Several survivors from the Nassier managed to swim to the stern of the Swithland which was half submerged; the boat formed a useful bridge over the stinking quagmire which lined the bank. The Hycel had managed to reach the Zamjan’s far bank; it had been spared the destructive geyser, but its hull had taken a dreadful pounding. Radio contact was established and both groups decided to stay where they were rather than attempt to cross the river and join forces.

Sheriff Mansing located an unbroken communication block amongst the remnants of the posse’s gear, and patched a call through the LDC’s single geostationary satellite to Candace Elford. The shocked chief sheriff agreed to divert the two BK133s to the Swithland and fly the seriously injured back to Durringham straight away. What she never mentioned was the possibility of reinforcing the forsaken boats. But Sheriff Mansing was above all a pragmatic man, he really hadn’t expected any.

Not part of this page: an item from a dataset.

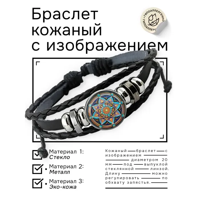 Размеры и комплектация: Браслет имеет регулируемый размер. Упаковка: прозрачный пакет.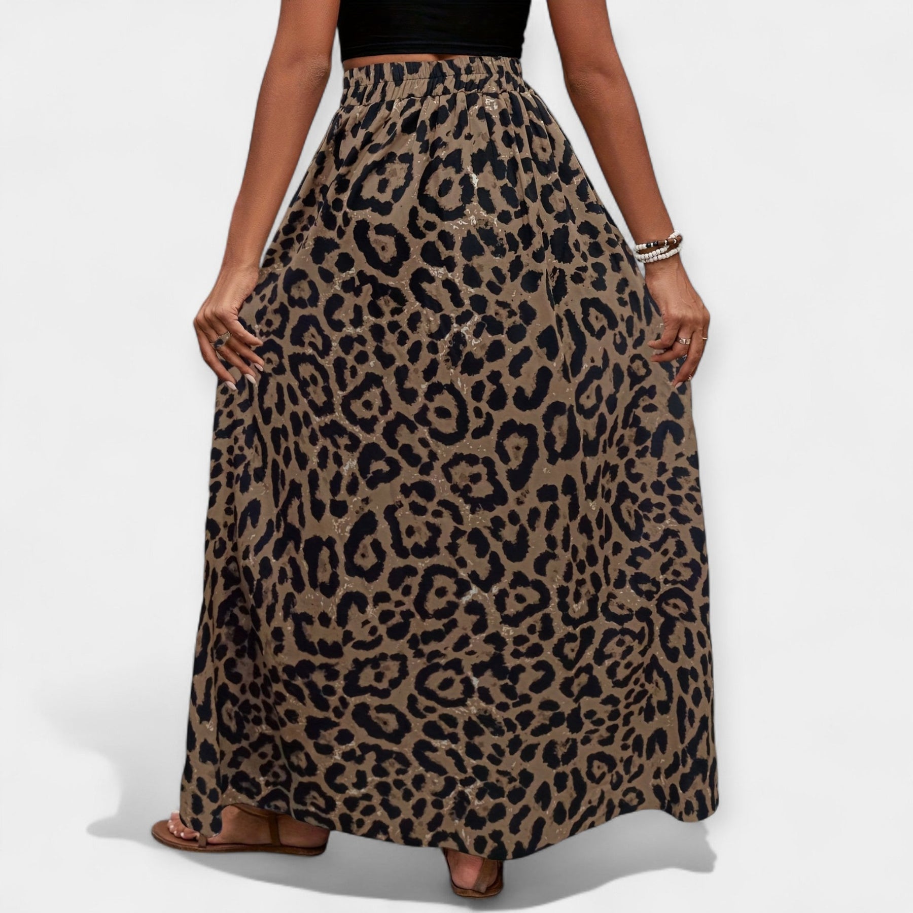 Tato leopardí sukně s dynamickým stylem oslavuje ženskost a je absolutním módním prohlášením pro léto. Rozparek na spodní části dodává pohyb a svůdnost, zatímco pohodlný střih ji činí ideální pro každou chvíli dne.

After making three trips to the camp, carrying pods of gear from the paddle-boat, Yuri was included into a small scout party of three sheriffs and nine deputies. He suspected they only included him because of Randolf. But that was OK, the other detail of deputies was now removing bodies from the Swithland . He preferred to take his chances with the jungle.

When Yuri and the scouts marched away, colonists with fission-blade saws were felling trees on one side of the camp’s glade so the VTOL aircraft could land. A fire was burning in the centre.

It didn’t take long for the groans of the casualties to fade away, blocked by the density of the foliage. Yuri couldn’t get over how dark this jungle was, very little actual sunlight penetrated down to ground level. When he held his hand up the skin was tinted a deep green, the cinnamon-coloured jacket they had issued him with to protect him from thorns was jet black. The jungle around Durringham was nothing like this. It was tame, he realized, with its well-worn paths and tall trees spiralled with thin colourful vines. Here there were no paths, branches jutted out at all heights, and the vines were slung between boughs either at ankle height or level with his neck. A sticky kind of fungal mould slimed every leaf for three metres above the ground.

The scouts paired up, fanning out from the camp. The idea was to familiarize themselves with the immediate area out to five hundred metres, search for any more survivors from Nassier , and verify that no hostiles were near the camp.

“This is stupid,” Mansing said after they had gone fifty metres. He was leading, chopping at the vines and small branches and bushes with a fission-blade machete. “I couldn’t see you if you were three metres away.”

“Perhaps it thins out up ahead,” Yuri said.

Mansing slashed at another branch. “You’re giving away your age again, son. Only the very young are that hopelessly optimistic.”

They took turns to lead. Even with the fission blade hacking out every metre of path it was tiring work.